On the contrary, both at national level (as shown in other studies) and in Lombardy, the correlation with PM 2.5 appeared much more evident and significant. Although it is always necessary to wait for an in-depth molecular study, since there is no correlation between the number of inhabitants and PM 2.5 or between population density and PM 2.5, the correlation between PM 2.5 and SARS-CoV-2 is very likely causal in nature and far more important than that with PM 10.
Limitations
This study is based on the results of other researches, some of which were non peer-reviewed. However, an independent verification of the data provided has been carried out. The S.E.I.R. model predictability is inversely proportional to the prediction temporal distance since the fixed values, such as basic reproduction number, incubation time, and healing time, could change in an unpredictable way; furthermore, iterative methods propagate errors divergently.

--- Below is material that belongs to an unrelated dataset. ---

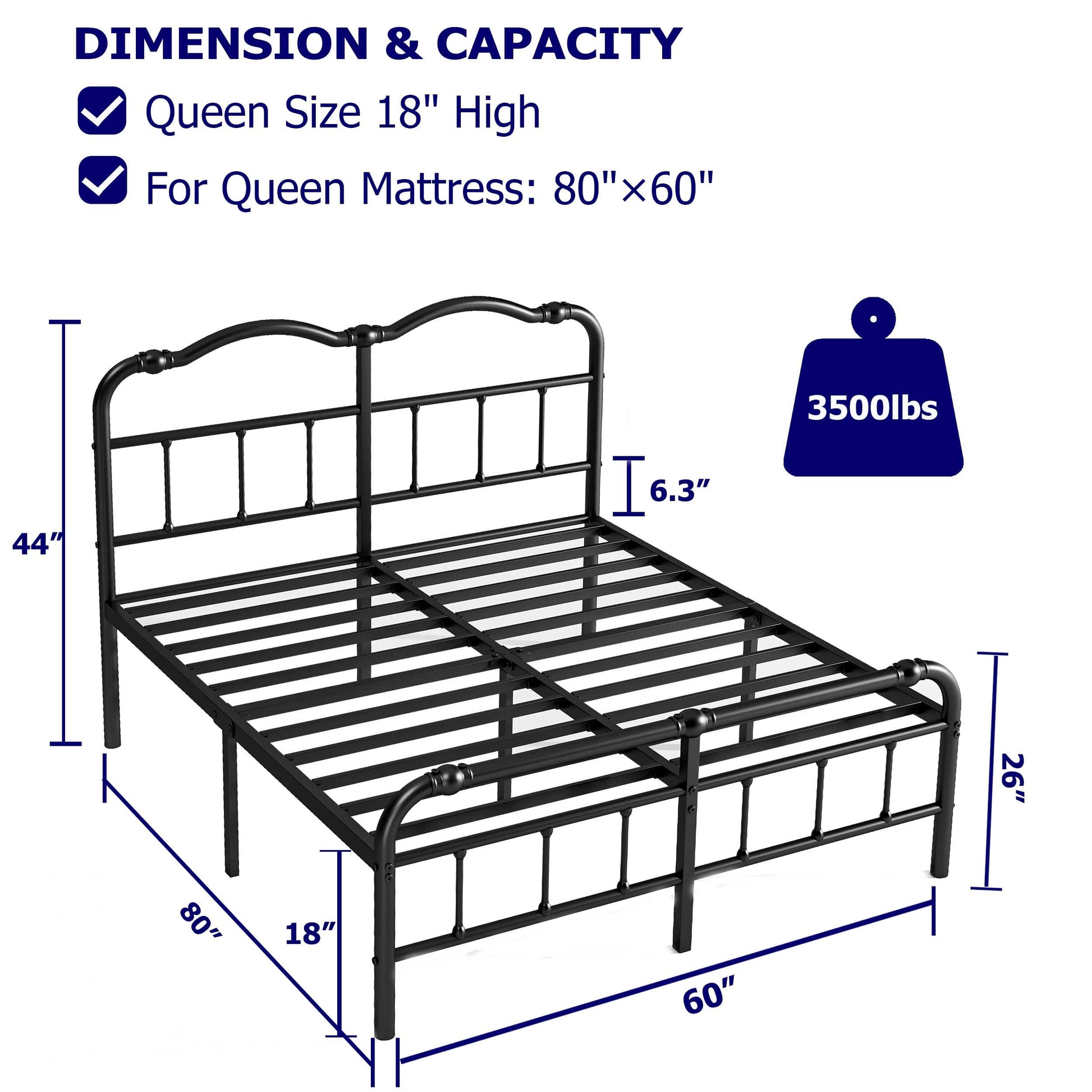 Queen Size Bed Frame with Headboard and Footboard, 18 Inch High, No Box Spring Needed
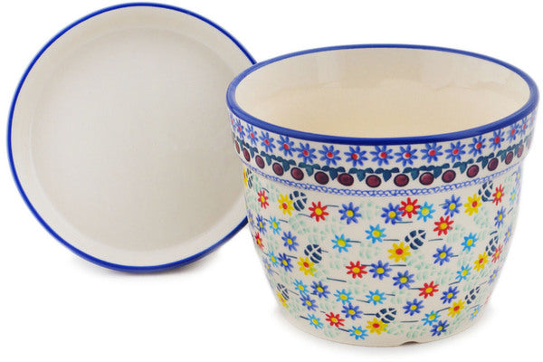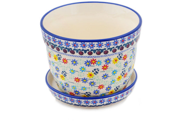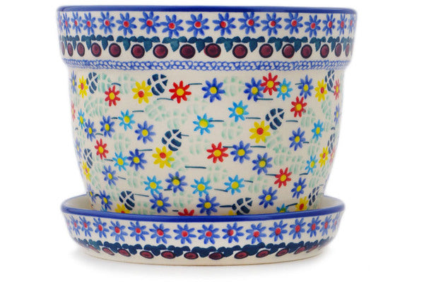 This Polish Pottery Planter is handmade and handpainted by the Manufaktura factory in Boleslawiec, Poland. Manufacturer item number H8314Q. It is 5" high and measures 6" by 6". The weight of this Planter is 2.3 lbs. It is part of the Primary Spring Collection.

Anyway, its adoption in the short term remains valid. The mortality rate is considered constant in the period February 22 - May 1, 2020. Regarding PM 10 and PM 2.5 aerosols, we only had access to cities and regions daily average values and the data of some monitoring stations were not available.
Conclusions
The S.E.I.R. model is approximate as a direct consequence of the uncertainty of the data it was supposed to fit but it can act as a valid comparison for the identification of any SARS-CoV-2 behavior mutations, as well as for the evaluation of the containment measures effectiveness. From the comparison between the S.E.I.R predictions and the estimated real trends highlighted above, as well as between the trends of Lombardy and the other Italian regions, we report that the Italian COVID-19 data are statistically compatible with possible evolutionary mutations of SARS-CoV-2. The demographic similarity between Lombardy and Emilia Romagna, the delayed increase of COVID-19 contagiousness in Piedmont, the absence of an evident statistical correlation with daily PM 10 concentrations and nothing more than a moderate correlation with daily PM 2.5 concentrations, are sufficient reasons to assert the locality of SARS-CoV-2 behavior is also due to factors that are currently unknown. Further investigation is needed.
Data Availability
The authors confirm that the data supporting the findings of this study are available within the article [and/or] its supplementary materials.